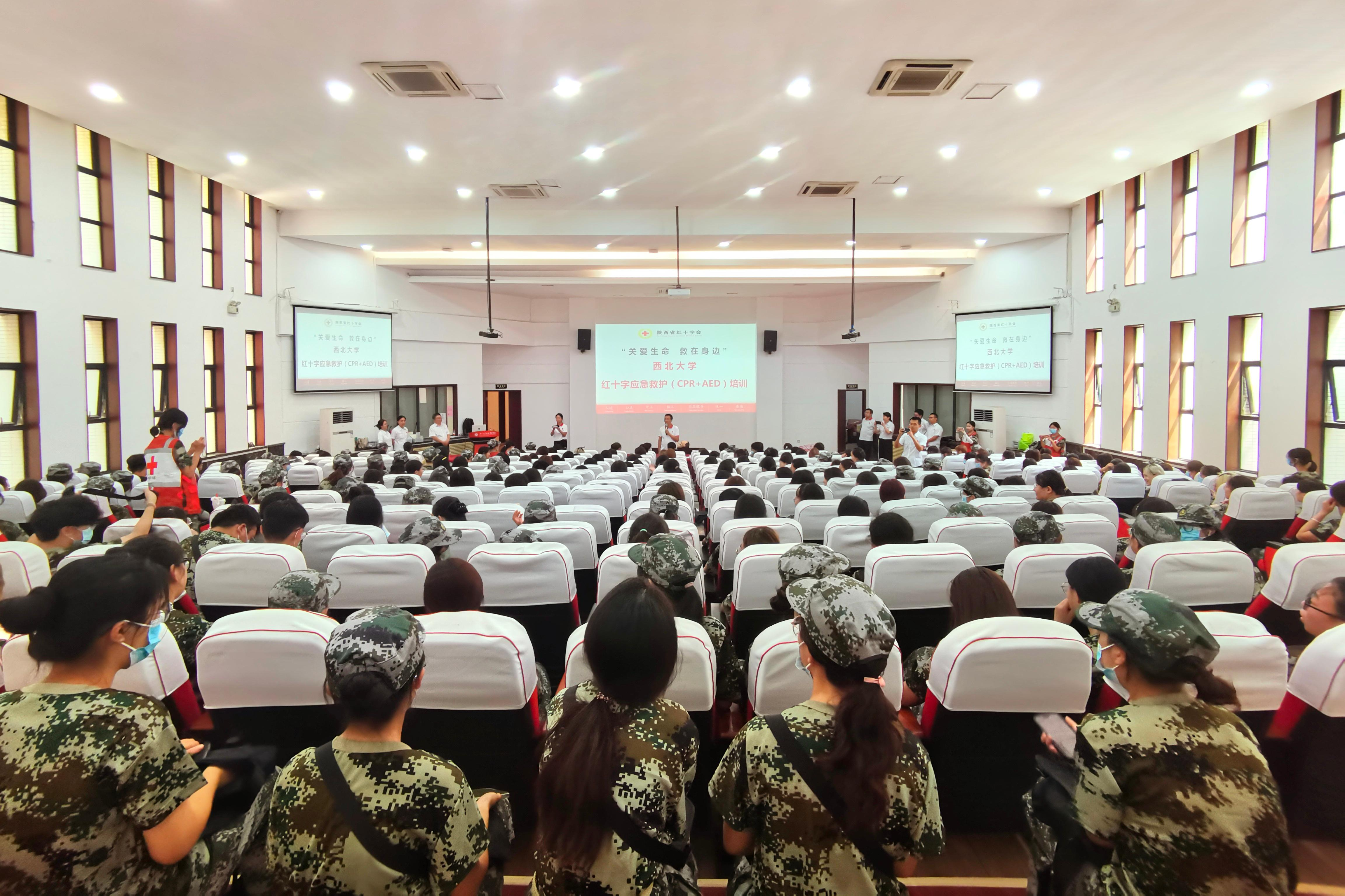 培训在陕西省红十字会应急救护专业讲师的自我介绍中拉开帷幕,他们以“呼救专用手势”引入,采用“问题式导学”的方法,通过理论讲解和实际操作相结合的形式,将晦涩难懂的急救知识与技能“掰开揉碎”,深入浅出地讲解了心肺复苏(CPR)操作流程、自动体外除颤器(AED)使用方法及注意事项。实操环节中,同学们在实训老师的指导下不断梳理急救流程、规范动作要领,在情景演绎中沉浸式体验应急救护氛围,掌握心肺复苏技能。经过培训及考核,1200名本科新生获得陕西省红十字会颁发的“红十字救护员(初级)”证书。
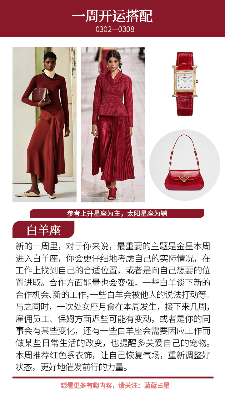 此外,金星进入白羊座,(上升星座或太阳星座)白羊可以在3月好好体会金星带来合作、感情、钱财的推动作用,其他星座要沾“小贵人”的光,3月抓紧时间请白羊吃喝逛街玩耍吧!
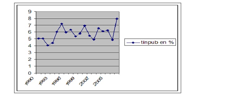 Graphique №4 : Evolution du taux d’investissement public de 1990 à 2007
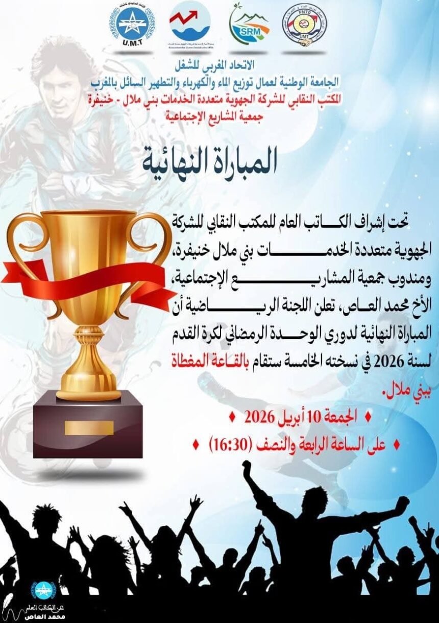 تستعد مدينة بني ملال لاحتضان حدث رياضي مميز، يتمثل في المباراة النهائية لدوري “الوحدة الرمضاني” لكرة القدم لسنة 2026 في نسخته الخامسة، والذي تنظمه كل من الجامعة الوطنية لعمال توزيع الماء والكهرباء وتطهير السائل بالمغرب، والمكتب النقابي للشركة الجهوية متعددة الخدمات بني ملال خنيفرة، إلى جانب جمعية المشاريع الاجتماعية.

◆ ◆ ◆ ◆ ◆ ◆ ◆

**What to work on:**
Reproduce the lines of the listing exactly, starting at the one that contains "Graphique №4 : Evolution" and continuing through the final line, but leave out the pictures.

**Written response:**
 Graphique №4 : Evolution du taux d’investissement public de 1990 à 2007
 تستعد مدينة بني ملال لاحتضان حدث رياضي مميز، يتمثل في المباراة النهائية لدوري “الوحدة الرمضاني” لكرة القدم لسنة 2026 في نسخته الخامسة، والذي تنظمه كل من الجامعة الوطنية لعمال توزيع الماء والكهرباء وتطهير السائل بالمغرب، والمكتب النقابي للشركة الجهوية متعددة الخدمات بني ملال خنيفرة، إلى جانب جمعية المشاريع الاجتماعية.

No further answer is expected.